Segmentation fault (core dumped)

kparzysz · August 21, 2020, 2:52pm

This is crashing because the functions that perform the Float16 conversions are not present. They don’t get resolved at runtime in the generated code and so their addresses remain null.

kparzysz · August 21, 2020, 3:38pm

The problem here is in finding out where to get these functions from. They are present in clang’s compiler-rt, and (afaik) in gcc’s libgcc (possibly with different names), but in TVM we don’t have any indication as to where they are on any particular system.

tgall_foo · August 21, 2020, 4:23pm

There is a different thread where I ran into something similar on arm64 so I wonder if they aren’t exactly the same issue.

In my case clang was ICEing when building TVM. The culprit is :

src/relay/transforms/pattern_util.h

399 #if (__ARM_FP16_FORMAT_IEEE == 1)
400     if (array->dtype.bits == 16) {
401       return reinterpret_cast<__fp16*>(array->data)[i];
402     }
403 #endif

Talking to some coworkers in Linaro that work on the llvm toolchain this is due to the fact that llvm is missing support. They were going to add it to their todo list.

Also if I build tvm natively on arm64 with gcc, libtvm.so will error out with : OSError: /home/debian/tvm/build/libtvm.so: undefined symbol: __extendhftf2

Adding -static-libgcc in the top level CMakeLists.txt fixes it.

IE: target_link_libraries(tvm -static-libgcc ${TVM_LINKER_LIBS} ${TVM_RUNTIME_LINKER_LIBS})

kparzysz · August 21, 2020, 5:04pm

This is actually a good idea. I was thinking about loading the library into the execution engine, but if the symbols are defined in the current process, we don’t need to do that.
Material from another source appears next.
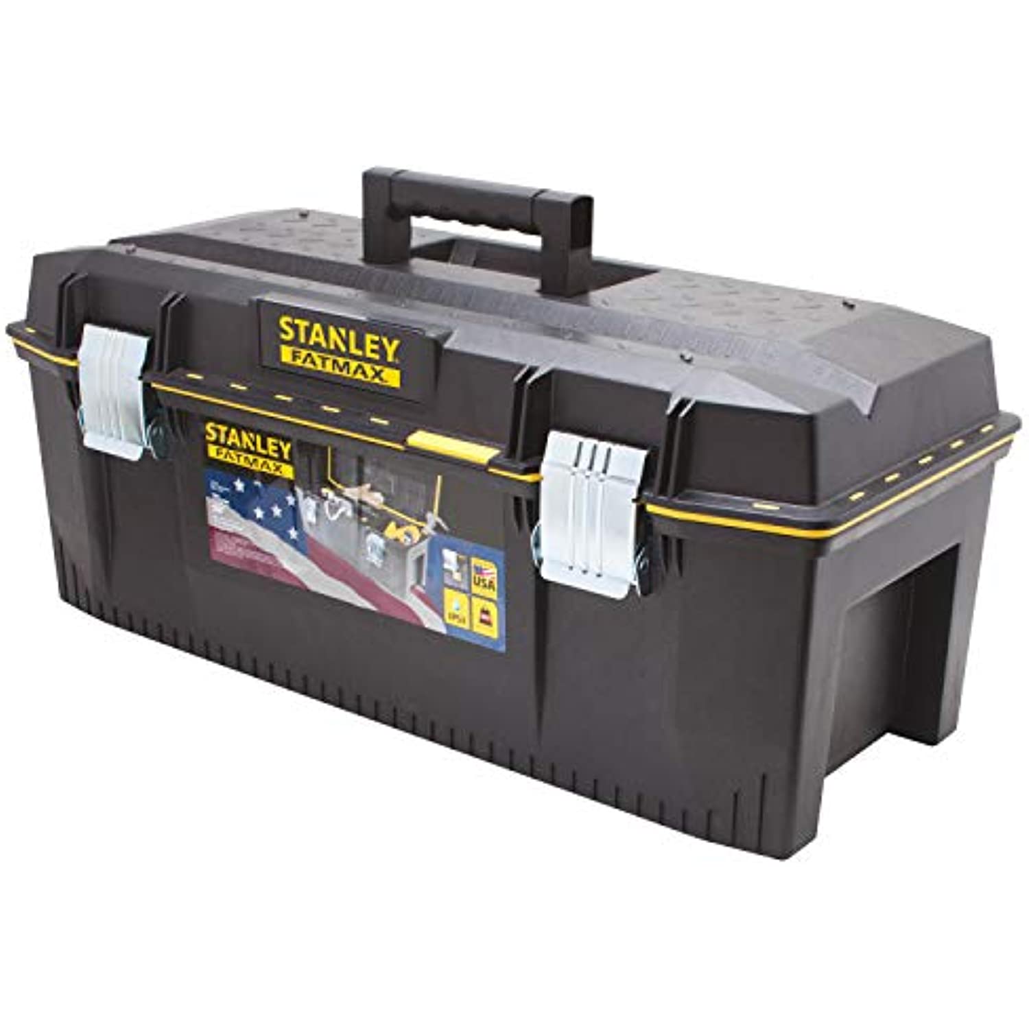 Amazon.com The Stanley 028001L FatMax 28-Inch Structural Foam Water-Resistant Toolbox offers versatility to professionals who need to keep their tools organized and protected. Developed from sturdy and rugged structural foam, this FatMax toolbox is a heavy-duty water-resistant unit ideal for carrying power tools, hand tools, and extra-large items. It features an all-around water seal for optimum protection of stored equipment.Stores and Organizes Tools and HardwareThe FatMax 28-Inch Toolbox gives you plenty of options for storing your tools and gear. Its portable tote tray is designed to carry hand tools and small parts--and because it's only three quarters of the length of the tool box, the tote tray allows for large tool storage within the box itself.For additional storage, the tool box features a bottom compartment that holds large, heavy items--such as power tools--with room to spare.Versatile, Easy-to-Carry Unit Secures Your GearThe tool box's lid top features a V-groove track that can help secure lumber, pipe, and other materials for easy sawing and cutting. For further convenience, the tool box is equipped with a tough soft-grip handle and ergonomic hand lifting resources to allow for easy carrying of heavy loads.This box also features large metal rust-proof latches that provide convenient locking possibilities.About StanleyProud of its reputation for excellence, Stanley is dedicated to continually testing, designing, and improving its products to ensure quality and maximum function. The company strives to maintain its standing as being the world's best--exactly what you expect from a name like Stanley.What's in the BoxStanley 028001L FatMax 28-Inch Structural Foam Water-Resistant Toolbox. Product Description Carry power tools, hand tools, gear, and other medium-to-large items in the STANLEY 28-inch FATMAX Structural Foam Tool Storage Box. Structural foam consists of thermoplastic resin and flake mica that increases structural durability. This STANLEY tool box also features a soft-grip handle for comfortable carrying and a patented water-tight seal to protect your equipment. From the Manufacturer Stanley 028001L 28-Inch structural foam toolbox.

We need to make sure they don’t get garbage collected by the linker though.

LLVM does support float16. These functions are implemented in libclang_rt.builtins-<arch>.a, e.g. libclang_rt.builtins-x86_64.a on x86. Usually clang uses libgcc by default, but you can also use compiler-rt with -rtlib=compiler-rt flag.

tgall_foo · August 24, 2020, 1:48pm

Here is the patch to llvm to fix the ICE I’d mentioned if building tvm with clang :

https://reviews.llvm.org/D86453

Based on what @kparzysz indicates I suspect this only helps arm64.
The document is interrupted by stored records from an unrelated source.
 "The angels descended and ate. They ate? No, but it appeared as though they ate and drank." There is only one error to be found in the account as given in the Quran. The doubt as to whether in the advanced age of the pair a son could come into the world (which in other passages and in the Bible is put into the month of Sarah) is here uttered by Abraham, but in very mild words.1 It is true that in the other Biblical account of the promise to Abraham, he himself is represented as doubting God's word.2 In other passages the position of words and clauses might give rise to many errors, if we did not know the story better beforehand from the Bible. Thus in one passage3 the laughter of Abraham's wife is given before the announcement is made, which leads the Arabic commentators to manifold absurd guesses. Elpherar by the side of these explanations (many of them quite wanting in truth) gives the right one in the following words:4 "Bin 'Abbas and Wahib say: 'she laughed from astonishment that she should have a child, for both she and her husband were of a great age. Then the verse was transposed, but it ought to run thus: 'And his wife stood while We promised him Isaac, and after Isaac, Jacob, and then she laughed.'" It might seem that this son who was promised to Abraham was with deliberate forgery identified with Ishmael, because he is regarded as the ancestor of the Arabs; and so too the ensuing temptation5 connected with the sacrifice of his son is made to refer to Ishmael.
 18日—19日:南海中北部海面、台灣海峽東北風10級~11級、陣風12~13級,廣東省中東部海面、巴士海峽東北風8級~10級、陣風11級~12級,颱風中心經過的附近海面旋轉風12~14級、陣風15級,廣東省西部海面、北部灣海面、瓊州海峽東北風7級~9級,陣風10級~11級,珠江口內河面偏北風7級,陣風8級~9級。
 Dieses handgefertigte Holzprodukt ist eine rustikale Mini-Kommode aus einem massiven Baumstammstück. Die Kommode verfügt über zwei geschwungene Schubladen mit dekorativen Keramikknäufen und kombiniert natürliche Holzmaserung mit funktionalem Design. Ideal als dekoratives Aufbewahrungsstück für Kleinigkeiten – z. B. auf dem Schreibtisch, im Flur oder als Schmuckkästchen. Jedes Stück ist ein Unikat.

hongh · June 15, 2021, 7:09am

Did you solve this problem? I also encountered the same problem.

hgt312 · June 16, 2021, 3:29pm

Not solved yet do you test it with some newer version of llvm?

hongh · June 17, 2021, 2:25am

My LLVM version is 10.0.0.

AndrewZhaoLuo · June 25, 2021, 5:10pm

This does not crash when I run it. I’m on an m1 macbook with llvm 11.1.0.

Try upgrading?